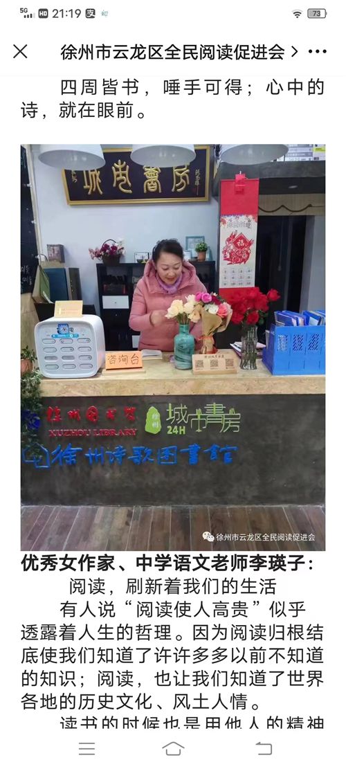 作者簡介:李瑛子,女,出身軍人家庭,江蘇徐州中學語文老師,優(yōu)秀女作家。1986年至今在《人民文學》《解放軍文藝》《解放軍日報》《中國青年報》《詩刊》《女友》《知音》《小說月報》《上海文學》《鄉(xiāng)土》《徐州日報》《彭城晚報》《連云港文學》《藏在心底的記憶》等報刊雜志上發(fā)表600余篇文學作品,并多次獲獎。
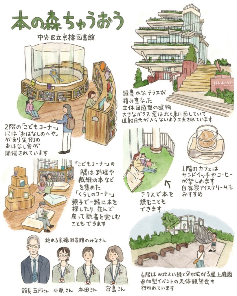 2022年、八丁堀にオープンした「本の森ちゅうおう」は、中央区立京橋図書館と郷土資料館に加え、多目的ホールやカフェも併設された複合施設です。森をコンセプトにデザインされた建物は、正面から見上げると、ブロックが積み重なったような外観で、緑豊かなテラス、大きなガラスの窓が印象的。6階建ての建物は、1階に郷土資料館、多目的ホール、カフェ、2~5階までが京橋図書館、6階は屋上庭園になっています。
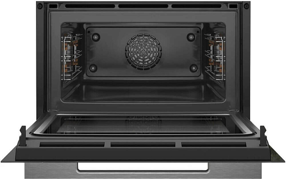 Система Home Connect дает возможность управлять прибором дистанционно через смартфон или планшет, что добавляет удобства в использовании. Духовой шкаф Bosch CMG7241W1 оснащен десятью режимами нагрева, включая верхний/нижний жар, большой и малый гриль, гриль с конвекцией, нижний жар, подогрев посуды и автоматический быстрый разогрев. Это позволяет приготовить практически любое блюдо, от классической пиццы до изысканного десерта. Внутреннее LED-освещение обеспечивает хороший обзор процесса приготовления пищи. Дверца шкафа откидная, с амортизатором SoftClose, что обеспечивает мягкое и плавное закрытие. Трехслойное остекление дверцы и система охлаждения прибора предотвращают перегрев и гарантируют безопасность использования. Блокировка от детей защищает от случайного включения или изменения режимов работы. В комплекте с шкафом идут комбинированная решетка и универсальный противень.
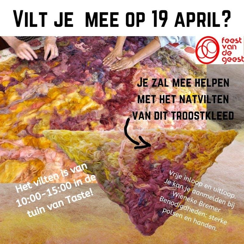 Het vilten is van 10-15 uur in de tuin van Taste. Je kunt vrij in en uitlopen. Aanmelden bij Wieneke Bremer
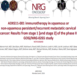 Based on these results, the Gynecological Oncology Group (“GOG”) Foundation, Inc. (now a member of NRG Oncology), under the sponsorship of the Cancer Therapy Evaluation Program (“CTEP”) of the National Cancer Institute (“NCI”), conducted GOG-0265, an open-label, single-arm Phase 2 trial of axalimogene filolisbac in persistent or recurrent cervical cancer (patients must have received at least 1 prior chemotherapy regimen for the treatment of their recurrent/metastatic disease, not including that administered as a component of primary treatment) at numerous clinical sites in the U.S. The trial was a Simon 2-stage design, with the primary efficacy endpoint being 12-month survival, with the objective of the secondary efficacy endpoints to evaluate progression-free survival, overall survival and objective tumor response. The primary safety endpoints were to evaluate the number of patients with dose-limiting toxicities and the frequency and severity of adverse effects.
_ _ _ _ _ _ _
Include the first line of the records, the line containing "2022年、八丁堀にオープン", and every line between them, repeated exactly. Skip the pictures.

▶ **Your solution**:
 作者簡介:李瑛子,女,出身軍人家庭,江蘇徐州中學語文老師,優(yōu)秀女作家。1986年至今在《人民文學》《解放軍文藝》《解放軍日報》《中國青年報》《詩刊》《女友》《知音》《小說月報》《上海文學》《鄉(xiāng)土》《徐州日報》《彭城晚報》《連云港文學》《藏在心底的記憶》等報刊雜志上發(fā)表600余篇文學作品,并多次獲獎。
 2022年、八丁堀にオープンした「本の森ちゅうおう」は、中央区立京橋図書館と郷土資料館に加え、多目的ホールやカフェも併設された複合施設です。森をコンセプトにデザインされた建物は、正面から見上げると、ブロックが積み重なったような外観で、緑豊かなテラス、大きなガラスの窓が印象的。6階建ての建物は、1階に郷土資料館、多目的ホール、カフェ、2~5階までが京橋図書館、6階は屋上庭園になっています。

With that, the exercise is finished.